In layman’s terms, FPTP is the winner-takes-all system used across Canada that is both simple to understand and straightforward. The candidate with the most votes in each district wins and receives the seat, but all other votes are disregarded. It is the latter part that complicates proportional results. Since Canada—and consequently, Ontario—adopted and started using this system, the vote-to-seat ratio has remained disproportionate, favouring one or two major parties. The Ontario provincial elections held earlier this year, for example, were a complete dud. Under the FPTP system, the Progressive Conservatives party won 83 of 124 seats—about two-thirds—of the Legislative Assembly of Ontario. The Progressive Conservatives, however, only received 40.82% of the vote—a number that fails to reflect the true vote proportion.

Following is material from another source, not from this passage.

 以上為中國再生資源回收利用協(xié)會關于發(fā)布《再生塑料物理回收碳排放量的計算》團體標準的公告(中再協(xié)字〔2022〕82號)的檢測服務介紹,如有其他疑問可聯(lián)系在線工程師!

This massive, gross over-representation is what our current electoral system accomplishes. What Ontario and the rest of Canada desperately need is an electoral system that produces proportional results, while also maintaining strong local and regional representation. Canadians need a system that can best lead to a mixed government where a voice is given to minorities. Canadians need to install proportional representation (PR). Simply put, PR guarantees a party’s number of seats will reflect its number of votes. How PR does so is simple: it redraws and enlarges voting districts so that there is more than one seat per district. Instead of only one winning candidate per district—like in FPTP—having multiple allows for the vote-to-seat proportion to be matched. For instance, consider a district with three seats. If party A, for example, gets 65% of votes, they will receive two seats, which corresponds with their roughly two-thirds share of the vote. On the other end, party B, who received 35% of votes, will receive one set, which similarly corresponds to their one-third of the vote. In this scenario under FPTP, since there can only be one winning candidate per district, party B—who had received 35% of the vote—would get no seats and those votes become worthless. Under PR, however, party B gets to go home with their rightful piece of the democratic pie. The vote-to-seat proportion would hold true and every vote would count. 

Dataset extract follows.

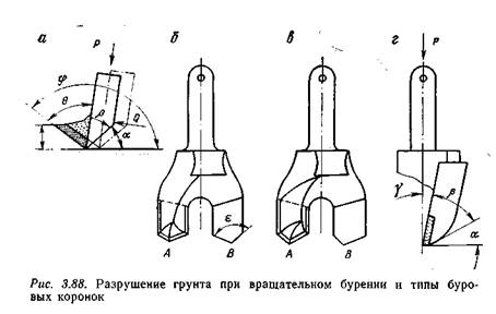 Различают следующие элементы резцов (рис. 12,г): угол приострения пера ε, угол заострения лезвия резца β, передний угол заточки у, задний угол заточки α. Конструкция резца и его геометрия должны обеспечивать при минимальном износе получение высокой скорости бурения. Практика показывает, что оптимальный угол приострения е, удовлетворяющий указанным условиям, составляет 120°. Задний угол заточки а также влияет на производительность бурения. Существует зависимость, которая показывает, что скорость бурения при постоянном давлении на резец пропорциональна касательной заднего угла заточки (по Шеферду): v =ktgα, где v — скорость бурения; k — постоянная бурения, равная wπD, w — частота вращения резца, D — диаметр резца.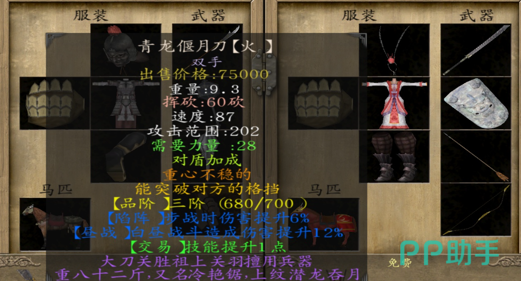 青龙偃月刀需要玩家至少有28点力量才能装备,威力在同类型武器中是独一档的存在,同时还能提供大家力量,60点挥砍等,唯一需求注意它的攻速比较慢需要靠着其他装备来相互配合。

Proponents of FPTP are quick to argue that its worth comes from its simplicity. This argument, however, is unsound. Learning how to drive a car, file your taxes, or play Dungeons & Dragons are all way more complicated than learning about other electoral systems. Moreover, the stakes are more than just driving skills or board game bragging rights: it is the health of Canada’s democracy and institutions. A faulty electoral system is a sickness to Canadian democracy. Therefore, if it costs half an hour to read and figure out PR, everyone should be happy to do so. 

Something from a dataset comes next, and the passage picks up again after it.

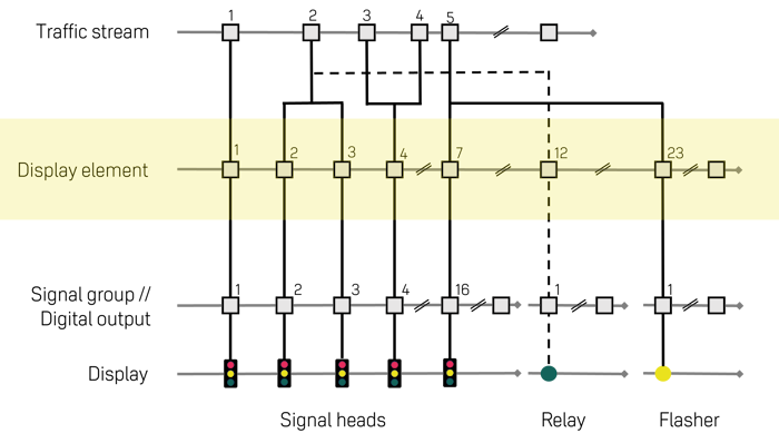 The display element is the link between the traffic stream on the vs | plus side and the signal groups or digital outputs on the control unit level. There must be a display element in vs | plus for each signal that is to be switched on the road.

In Ontario and the rest of Canada, there is a crystal clear need for proportional representation. The current electoral system limits the ability to have a mixed government, where a more robust voice is given to minorities and legislative seats aren’t dominated by one or two major parties. FPTP must be replaced by PR. 

As students, those of us at the University of Toronto are the next generation of voters—the next generation of Canadians who will inherit democratic duties. It is every Canadian’s duty to maintain and improve our democracy. The first step to do so is to proportionate our voting system.